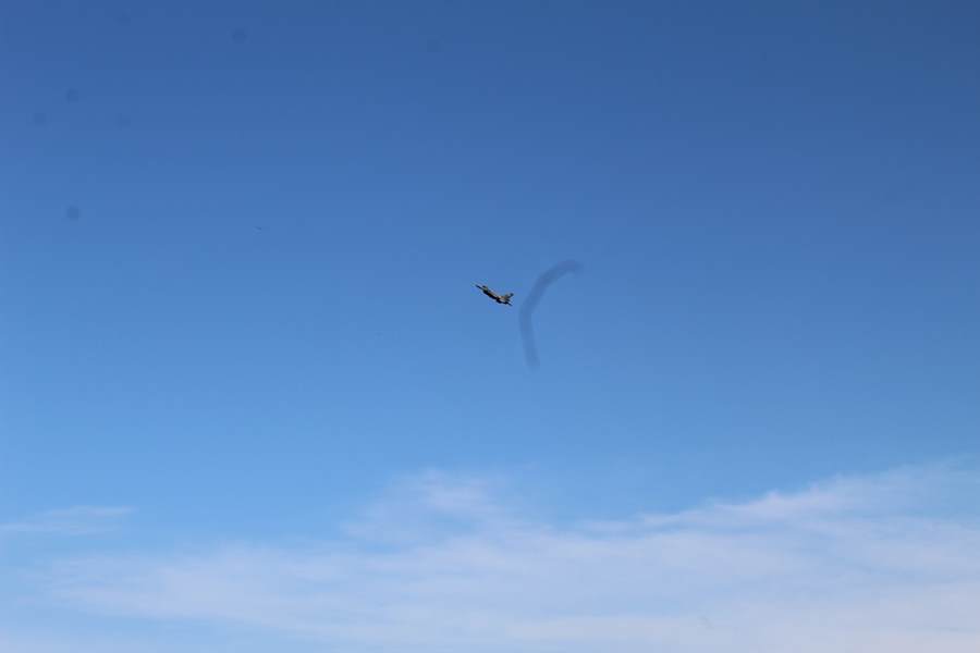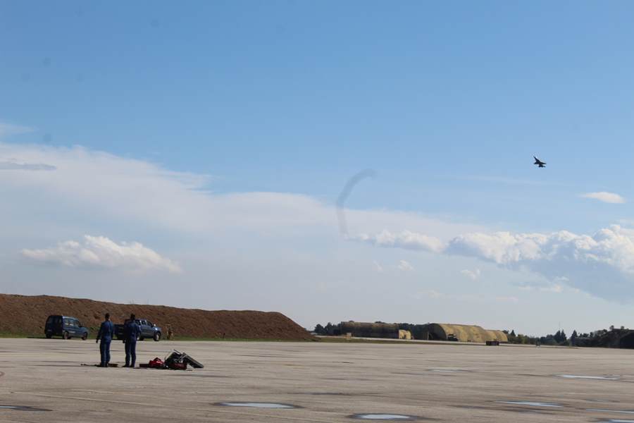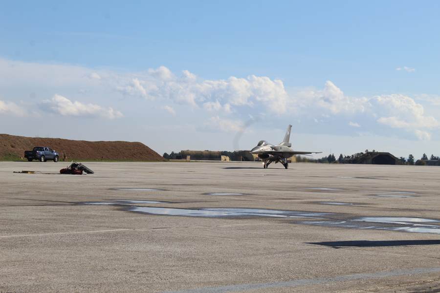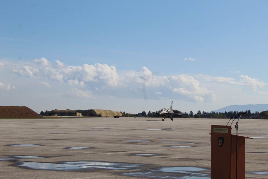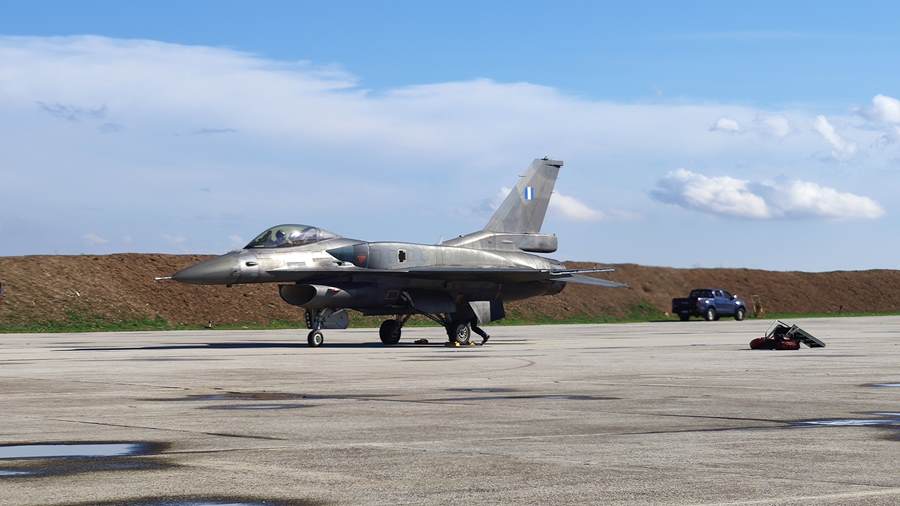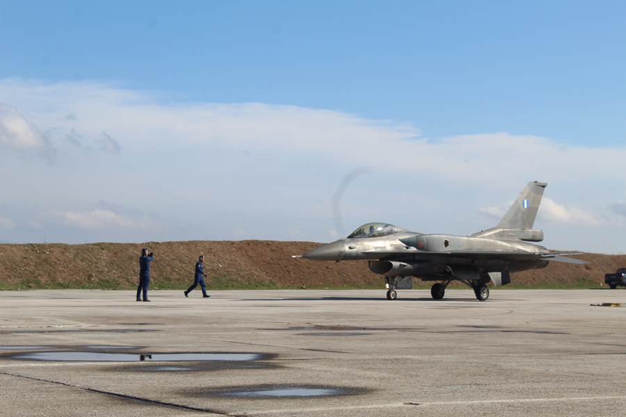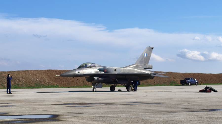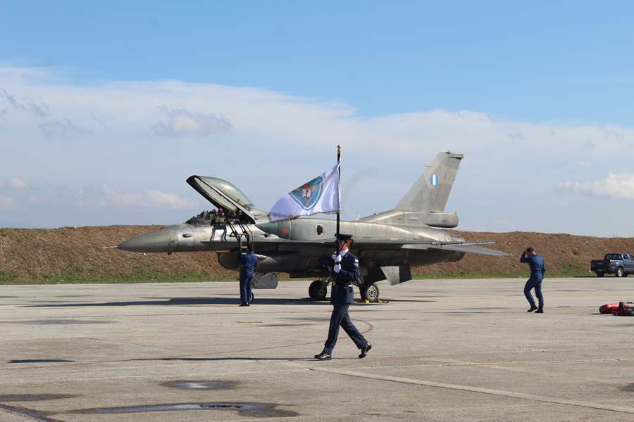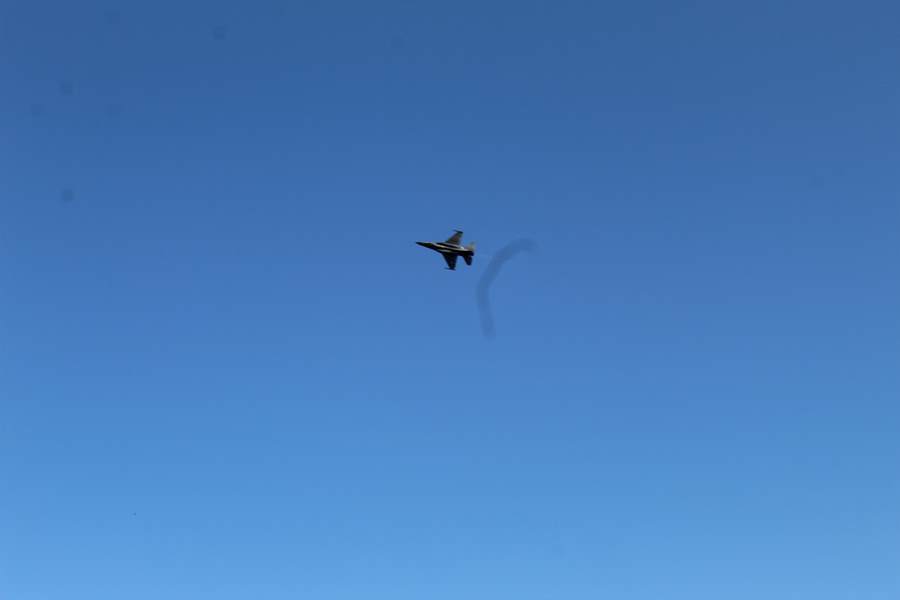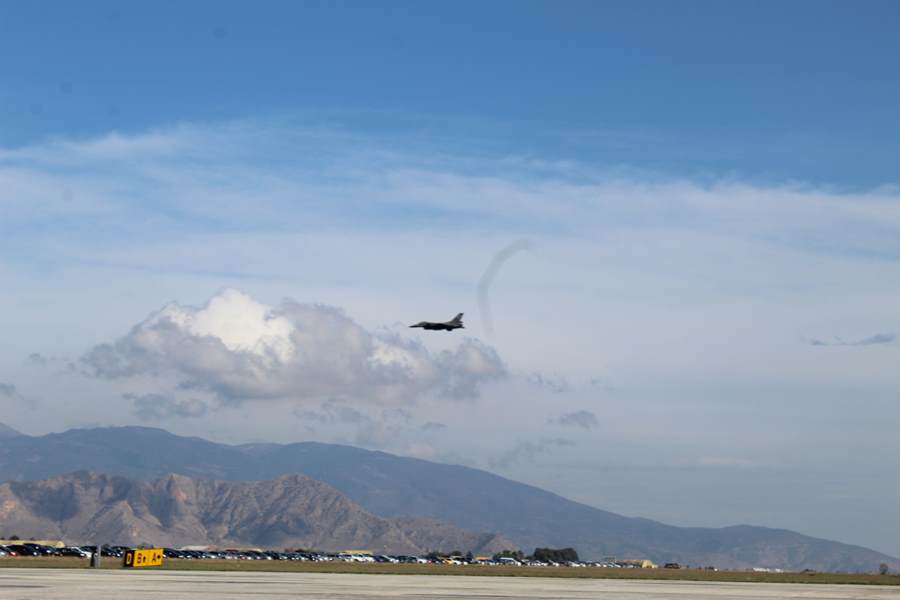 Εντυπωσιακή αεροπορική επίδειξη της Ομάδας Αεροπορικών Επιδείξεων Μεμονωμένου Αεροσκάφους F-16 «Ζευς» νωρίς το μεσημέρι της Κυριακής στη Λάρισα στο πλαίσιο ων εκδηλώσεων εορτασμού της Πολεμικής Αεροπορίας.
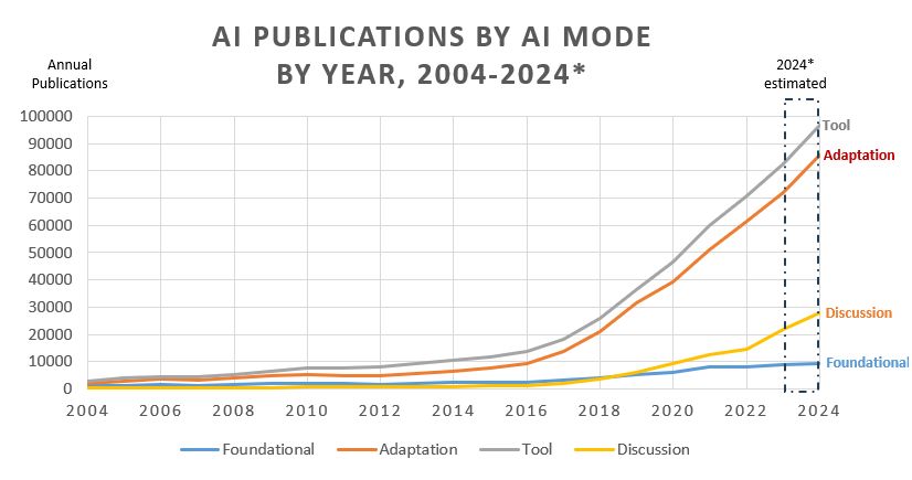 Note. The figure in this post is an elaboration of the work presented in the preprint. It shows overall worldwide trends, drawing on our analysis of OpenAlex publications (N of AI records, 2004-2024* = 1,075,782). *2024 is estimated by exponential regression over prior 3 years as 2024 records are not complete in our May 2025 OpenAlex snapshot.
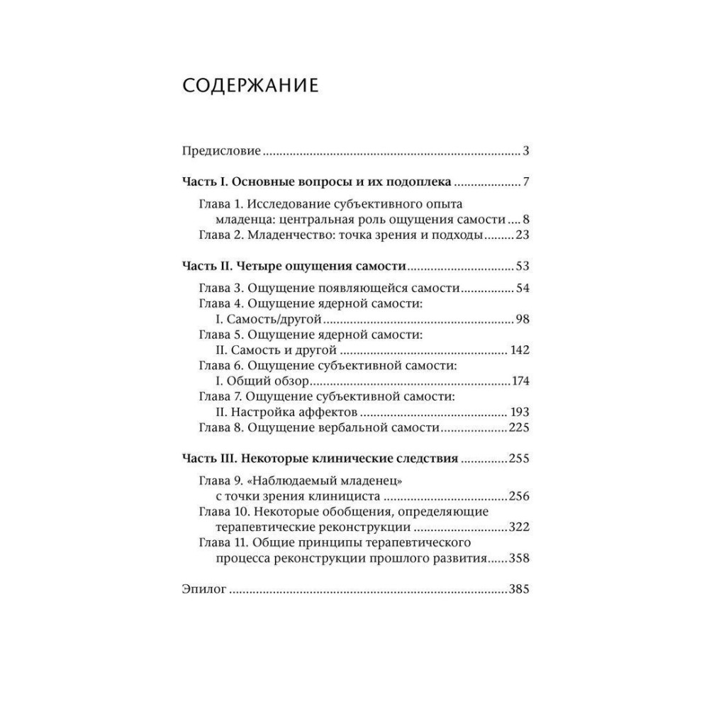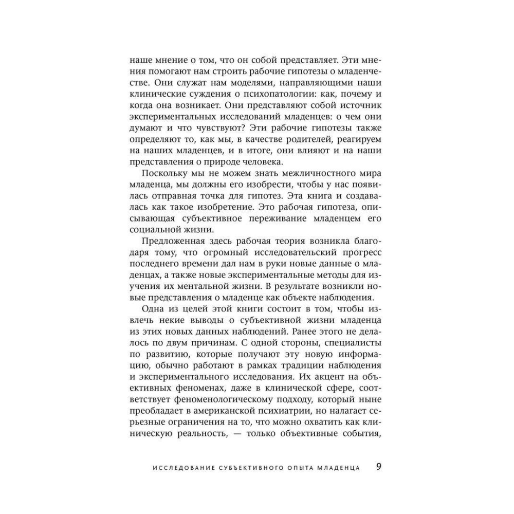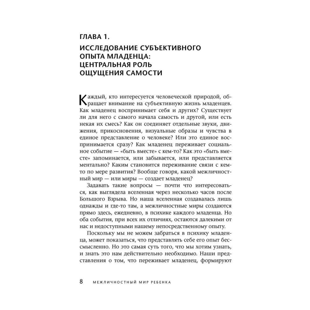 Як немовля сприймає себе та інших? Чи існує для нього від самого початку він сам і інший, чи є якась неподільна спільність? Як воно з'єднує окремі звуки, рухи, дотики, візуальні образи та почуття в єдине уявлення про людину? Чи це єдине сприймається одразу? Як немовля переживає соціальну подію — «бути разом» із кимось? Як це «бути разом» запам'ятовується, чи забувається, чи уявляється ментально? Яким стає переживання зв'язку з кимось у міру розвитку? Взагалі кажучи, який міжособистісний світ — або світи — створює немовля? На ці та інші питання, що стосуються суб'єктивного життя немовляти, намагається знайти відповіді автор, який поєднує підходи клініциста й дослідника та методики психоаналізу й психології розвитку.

THE PROBLEM:
Write out the data exactly, but not its pictures.

RESULT BELOW:
 Εντυπωσιακή αεροπορική επίδειξη της Ομάδας Αεροπορικών Επιδείξεων Μεμονωμένου Αεροσκάφους F-16 «Ζευς» νωρίς το μεσημέρι της Κυριακής στη Λάρισα στο πλαίσιο ων εκδηλώσεων εορτασμού της Πολεμικής Αεροπορίας.
 Note. The figure in this post is an elaboration of the work presented in the preprint. It shows overall worldwide trends, drawing on our analysis of OpenAlex publications (N of AI records, 2004-2024* = 1,075,782). *2024 is estimated by exponential regression over prior 3 years as 2024 records are not complete in our May 2025 OpenAlex snapshot.
 Як немовля сприймає себе та інших? Чи існує для нього від самого початку він сам і інший, чи є якась неподільна спільність? Як воно з'єднує окремі звуки, рухи, дотики, візуальні образи та почуття в єдине уявлення про людину? Чи це єдине сприймається одразу? Як немовля переживає соціальну подію — «бути разом» із кимось? Як це «бути разом» запам'ятовується, чи забувається, чи уявляється ментально? Яким стає переживання зв'язку з кимось у міру розвитку? Взагалі кажучи, який міжособистісний світ — або світи — створює немовля? На ці та інші питання, що стосуються суб'єктивного життя немовляти, намагається знайти відповіді автор, який поєднує підходи клініциста й дослідника та методики психоаналізу й психології розвитку.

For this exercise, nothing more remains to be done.